Bug 26817

Summary: x86-64: Support -mstack-protector-guard=global (define global __stack_chk_guard)
Product: glibc Reporter: Fangrui Song <i>
Component: libcAssignee: Not yet assigned to anyone <unassigned>
Status: UNCONFIRMED ---    
Severity: normal CC: carlos, drepper.fsp
Priority: P2 Flags: fweimer: security-
Version: unspecified   
Target Milestone: ---   
Host: Target:
Build: Last reconfirmed:

Description Fangrui Song 2020-10-30 03:22:58 UTC
% cat a.c
int main() {}
% gcc -fuse-ld=bfd -mstack-protector-guard=global -fstack-protector-all a.c
...
/usr/bin/ld.bfd: a.c:(.text+0x21): undefined reference to `__stack_chk_guard'

(GCC source code let either libssp or libc to provide __stack_chk_guard. On many glibc platforms, TARGET_LIBC_PROVIDES_SSP is set.)

In glibc/csu/libc-start.c, either -mstack-protector-guard=global or
-mstack-protector-guard=tls is supported, but not both.  On x86-64, =tls is the
supported variant.  However, there is no fundamental reason that the two
variants cannot coexist.

    /* Set up the stack checker's canary.  */
    uintptr_t stack_chk_guard = _dl_setup_stack_chk_guard (_dl_random);
  # ifdef THREAD_SET_STACK_GUARD
    THREAD_SET_STACK_GUARD (stack_chk_guard);
  # else
    __stack_chk_guard = stack_chk_guard;
  # endif

There are some arguments that -mstack-protector-guard=global may be better:

(1) Performance.
On x86-64 -fno-pic and -fpie, gcc emits R_X86_64_PC32 referencing the external
__stack_chk_guard. The code sequence is shorter than a TP relative access.
(-fpie not using GOT was an unfortunate GCC 5 change).
On -fpic =global requires a GOT indirection, which might be slower than a TP
relative access.

(2) Security.
For a new thread, nptl/allocatestack.c allocates a memory region, places the
static TLS block at the end, and uses the remaining space as the thread stack.
The stack pointer may be just a few hundred bytes below the canary address
(%fs:0x28 on x86-64) and a large out-of-bounds write can potentially override it.

#include <stdio.h>
#include <stdlib.h>
#include <pthread.h>

void *foo(void *_) {
  char a[0x100];
  for (int i = 0; i < LEN; i++)
    a[i] = 0x41;
  return 0;
}

int main() {
  pthread_t pid;
  pthread_create(&pid, 0, foo, 0);
  pthread_join(pid, 0);
}

% gcc -fstack-protector-all a.c -pthread -D LEN=0x200 && ./a.out
*** stack smashing detected ***: terminated
[1]    2672403 abort      ./a.out

# %fs:0x28 has been overwritten, so there is no 'stack smashing detected'.
% gcc -fstack-protector-all a.c -pthread -D LEN=0x1000 && ./a.out
[1]    2672478 segmentation fault  ./a.out

-mstack-protector-guard=global does not have the problem.

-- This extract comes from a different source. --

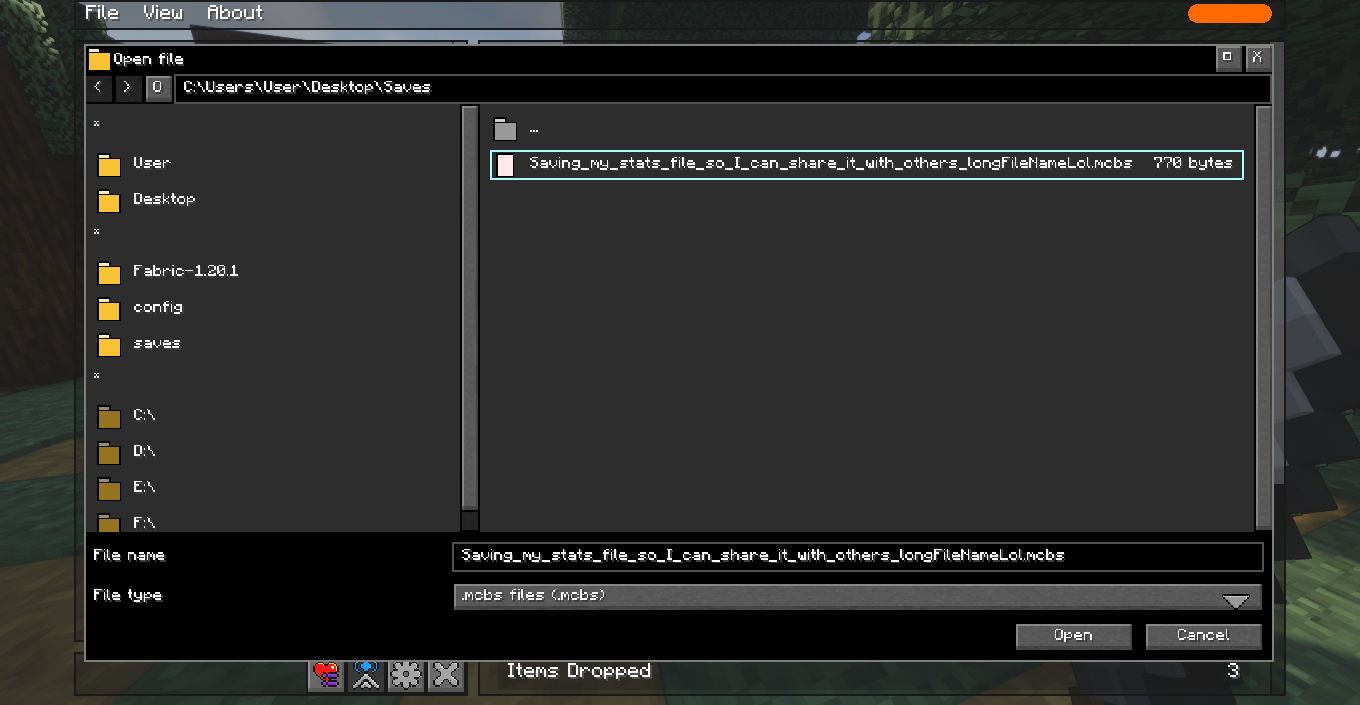 Обратите внимание, что открытие файла MCBS не «перезаписывает» вашу текущую статистику, так как он только показывает, как выглядела ваша статистика на момент сохранения файла MCBS.

nsz mentioned: the kernel prefers tls because it can have different canary per
thread. in userspace that would not work because some code may context switch to
a different thread and check the wrong canary.
Comment 1 Fangrui Song 2020-10-30 03:27:35 UTC
Note, -mstack-protector-guard=tls can mitigate the problem by inserting a guard page  between the stack and the static TLS block, but that can come with a large overhead.
Comment 2 Carlos O'Donell 2020-11-24 21:41:20 UTC
(In reply to Fangrui Song from comment #0)
> (2) Security.
> For a new thread, nptl/allocatestack.c allocates a memory region, places the
> static TLS block at the end, and uses the remaining space as the thread
> stack.
> The stack pointer may be just a few hundred bytes below the canary address
> (%fs:0x28 on x86-64) and a large out-of-bounds write can potentially
> override it.

We need to fix:
Bug 11787 - Program with large TLS segments fail.
https://sourceware.org/bugzilla/show_bug.cgi?id=11787

The static TLS should not be part of the stack accounting and when we split them out there won't be a problem with the stack being beside static TLS.